# First day in therapy



## dontworrybehappy (Apr 17, 2018)

So, I came home from therapy today and my husband asked, How did it go? well I started telling him how good it went and was very positive and then it kinda spun from there... 

Back story my husband kissed a friend years ago, And he has told me numerous amounts of times that he had no feelings for her. BUT for some reason It really matters to me what he said to her leading up to the kiss. I am so terrified that he told her he may have feelings for her and needed to kiss her to see if that was true. WHY? like why do I care so much in my heart that he may have said that? he may have said to her he had feelings. So if he figured out that he DIDN'T after the kiss then why do I care about what was said prior to the kiss. :scratchhead: I mean I know that I have some self esteem issues and its screaming that at me right now. But I am crushed we are now fighting. And it breaks my heart. Especially when he walked away, He said how sad is it. We fought for us all these years and this is what will do us in. :crying:


----------



## OnTheFly (Mar 12, 2015)

It's early yet, give the therapist some time to weave their magic.


----------



## dontworrybehappy (Apr 17, 2018)

I wish I could see her everyday!


----------



## TAMAT (Jun 20, 2015)

DWBH,

Why do you care so much, because the kissing was the culmination of months or years of lusting, longing and flirting between them. Deep down you know this. 

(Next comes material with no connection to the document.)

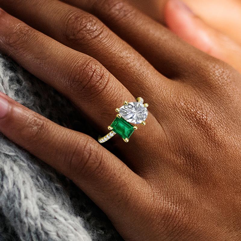 Contrasting stones gives a 2 stone duo ring a fashion-forward vibe. Crafted with IGI Certified Pear Lab Grown Diamond and an Emerald Cut Lab Created Emerald with 16 diamonds studded on the polished shoulders of the stunning ring for enhanced beauty.

I would suspect it was a classic affair where the affair partners bond by complaining about their spouses together. Their spouses become a private joke between them which is part of the specialness of their secret union. While they may put the brakes on the relationship once it goes physical which your Hs affair did the emotional component often does not go away. 

Since that time does your H kiss you with emotion and passion or has it fallen away?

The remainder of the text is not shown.